With ModifyBoxPlot, one can adjust the length of the whiskers in a boxplot quite easily, including: Min and Max Data, Inner Fences, One standard deviation, 9th and 91st percentiles, 2nd and 98th percentiles...

However, there does not seem to be an option to change the cutoff value for outliers accordingly. If 2nd and 98th percentiles are chosen as the whisker method, the whiskers overlap the outliers, and with 9th and 91st percentiles, there is a large gap between outliers and whiskers (see attached figures).

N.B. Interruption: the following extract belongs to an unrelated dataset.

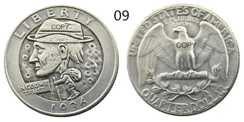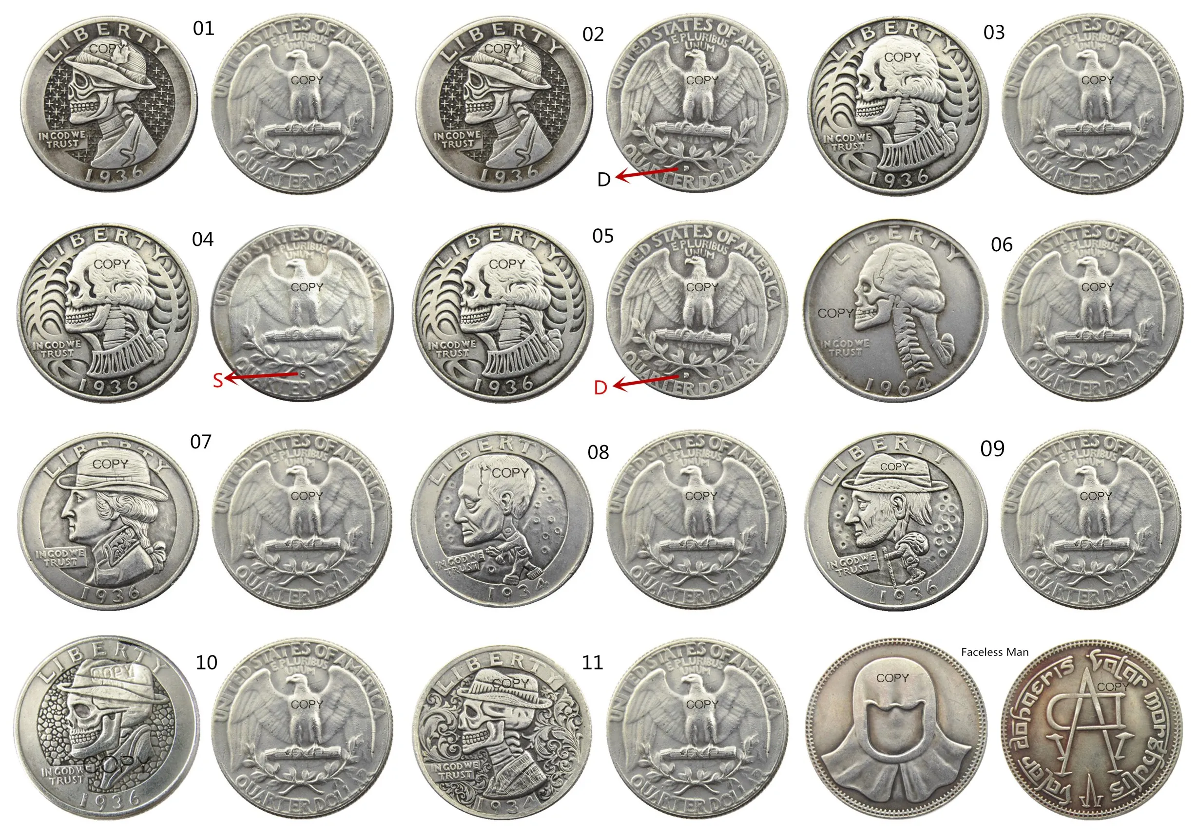 US Hobo Mix 12 шт., разные типы, искусственные доллары, Безликий человек, Череп, Скелет Зомби, посеребренные копировальные монеты

Outliers being > or < 1.5*IQR seem to be hard-coded. 

Seeing that the length of the whiskers can be modified to reflect percentiles, it would be great to also have that same option for the outliers. 

Thanks,

Silvan

9th and 91st percentile method 2nd and 98th percentile method

So what you want is an option to say that outliers are "anything beyond the ends of the whiskers"? That leaves the question of what far outliers should be.

I am quite happy to entertain enhancements to Igor's box plots. When I implemented them, I read Tukey and Googled images of box plots. The result is what you see- in particular, the definition of "outliers" and "far outliers" is straight out of Tukey.

Do you have a favorite source for descriptions of how box plots should be laid out?

Yes, exactly! Specifically, we would like our boxplots to indicate values such as 5th & 95th or 10th & 90th percentiles. We would have whiskers extending to those percentiles, and points outside that range would be considered outliers, with no particular distinction between outliers and far outliers. I've attached an example of what this would look like in a scientific publication in our field (ice nucleation processes in the atmosphere). 

To my knowledge, the idea of using percentiles in place of 1.5*IQR for the whiskers has been introduced by Cleveland in 1985, in "The elements of graphing data".

An implementation of his approach is also described in this document, section 3.5: https://journals.sagepub.com/doi/abs/10.1177/1536867X0900900309

 

I just ordered two Cleveland books. Your desire for arbitrary whisker ends specified as percentiles seems reasonable, and outliers that are simply everything beyond the whisker ends also seems reasonable. It might be possible to get it into 9; it's getting to the end of our development cycle.

That's great, thank you! I highly appreciate it. Do you have any suggestion for how we could work around this in the meantime? 

I hesitate to suggest it, but you can probably do what you want with the old Box Plot package, Windows->New->Packages->Box Plot. That package has it's own problems, but it may offer sufficient flexibility to achieve your plot.

Well, I have implemented some new box plot stuff for Igor 9. The ModifyBoxPlot operation will now accept two new options for whiskerMethod:

ModifyBoxPlot whiskerMethod={6, lowerPercentile, upperPercentile}
ModifyBoxPlot whiskerMethod={7, SDFactor}

Method 6 allows you to set the whisker ends at any arbitrary percentile. Method 7 allows you to request whisker ends at a given factor times the standard deviation.

I have also added a new keyword, outlierMethod:

ModifyBoxPlot outlierMethod=1
ModifyBoxPlot outlierMethod=2
ModifyBoxPlot outlierMethod={3, outlierSD, farOutlierSD}
ModifyBoxPlot outlierMethod={4, lowerFarOutlier, lowerOutlier, upperOutlier, upperFarOutlier}

 Method 1 is simply Tukey's original method, which is the only option in Igor 8.

Method 2 is what you were asking for: outliers are anything beyond the ends of the whiskers.

Method 3 sets outliers and far outliers as anything outside of mean += outlierSD*SD and mean +- farOutlierSD*SD

Method 4 sets outliers to be at any arbitrary cutoff in your data.

That sounds fantastic! Thank you. I look forward to having these new options, is there any way for us to use it before IGOR 9's release? 

We will be starting beta testing "soon". Presumably we will post something on Igor Forums or by email with an invitation to test.